Грегориус рассказал о своих визитах к Адриане.

— После смерти Амадеу я ни разу не была в голубом доме, — задумчиво сказала Мелоди, — но меня ничуть не удивляет, что Адриана превратила его в музей и храм, где время остановилось. Она преклонялась перед ним еще девчонкой. Он был старшим братом, который мог все. Который отваживался противоречить папе. Папе! Через год после его отъезда на учебу в Коимбру, она перешла в гимназию напротив лицея. В ту гимназию, где училась и Мария Жуан. Амадеу там был героем прошлых лет, и она, сестра героя, купалась в лучах его славы. И все-таки. Все могло бы сложиться иначе, не разыграйся та драма, когда он спас ей жизнь.

Это случилось, когда Адриане было девятнадцать. Амадеу тогда готовился дома к государственному экзамену и днями и ночами сидел над книгами. Спускался только к обеду, когда собиралась вся семья. Вот во время такой трапезы Адриана и подавилась.

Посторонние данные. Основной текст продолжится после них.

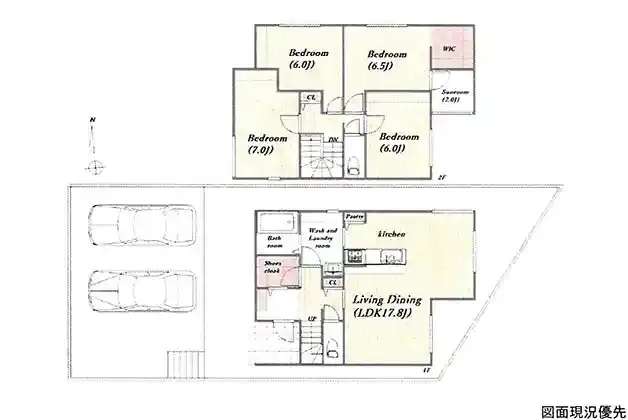 | 設備 | トイレ2ヶ所、システムキッチン、カウンターキッチン、IHクッキングヒーター、食器洗浄乾燥機、ウォークインクローゼット、床下収納、洗髪洗面化粧台、上水道、下水道、モニタ付インターホン、駐車場2台分、SIC、サンルーム、パントリー | ||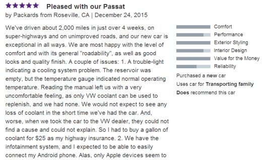 來自美國(guó)口碑網(wǎng)站cars的網(wǎng)友Packards給帕薩特的評(píng)價(jià)是五顆星,他對(duì)舒適度,外觀設(shè)計(jì),物有所值度的評(píng)價(jià)是5分,對(duì)性能,內(nèi)飾設(shè)計(jì)的評(píng)價(jià)是4分,而對(duì)可靠性的評(píng)價(jià)僅為3分。“目前我們已經(jīng)開了四個(gè)星期共2000英里,無論是高速還是不平坦的道路都去試過了,總的來說這是輛很好的車。我們對(duì)這款車的舒適度非常滿意,尤其是它對(duì)道路的適應(yīng)性非常棒。而且外觀很好看,做工質(zhì)量也不錯(cuò)。”車主說。不過車主也總結(jié)了這款車的幾個(gè)缺點(diǎn):首先,“冷卻液已經(jīng)空了,但是溫度計(jì)卻顯示正常的溫度。送到經(jīng)銷商店里,他們也找不到原因。于是我只能花25美元買了一加侖的冷卻液。第二個(gè)問題是盡管有娛樂系統(tǒng),但是不能連接到我的安卓手機(jī)。后來才發(fā)現(xiàn),只能用蘋果的。第三個(gè)問題是雖然裝有霧燈,但還是說明書里寫的步驟不管用。還有一個(gè)問題是油耗。我的是1.8L版本,跟廣告說的38mpg油耗差的太遠(yuǎn)了。”車主表示,盡管車還算挺好的,但是感到有一些失望。

Мы все смотрели в свои тарелки и поначалу ничего не заметили. Вдруг она издала жуткий звук, как предсмертный хрип, она держалась обеими руками за горло и исступлённо била ногами по полу. Амадеу сидел возле меня, полностью погруженный в предстоящий экзамен. Мы уже привыкли к тому, что он появлялся к столу, как молчаливый призрак, и, не глядя, заглатывал, что подают. Я ткнула его локтем в бок и показала на Адриану. Он отрешенно поднял глаза. Лицо Адрианы сделалось лиловым, она уже не могла дышать и только беспомощно смотрела на Амадеу. Выражение, появившееся на его лице, мы все хорошо знали — это было выражение жесточайшей сосредоточенности, которое появлялось всегда, если он сталкивался с чем-то, чего не сразу мог понять, а он привык хватать все налету.

Он вскочил, опрокинув стул, в два прыжка уже был возле Адрианы, подхватил ее под мышки и поставил на ноги, потом развернул к себе спиной, обхватил за плечи, набрал воздуху и резко выгнул ее назад. Из горла Адрианы вырвался сдавленный хрип. И больше ничего. Амадеу повторил все снова, но и на этот раз кусочек мяса, попавший в дыхательное горло, не вылетел.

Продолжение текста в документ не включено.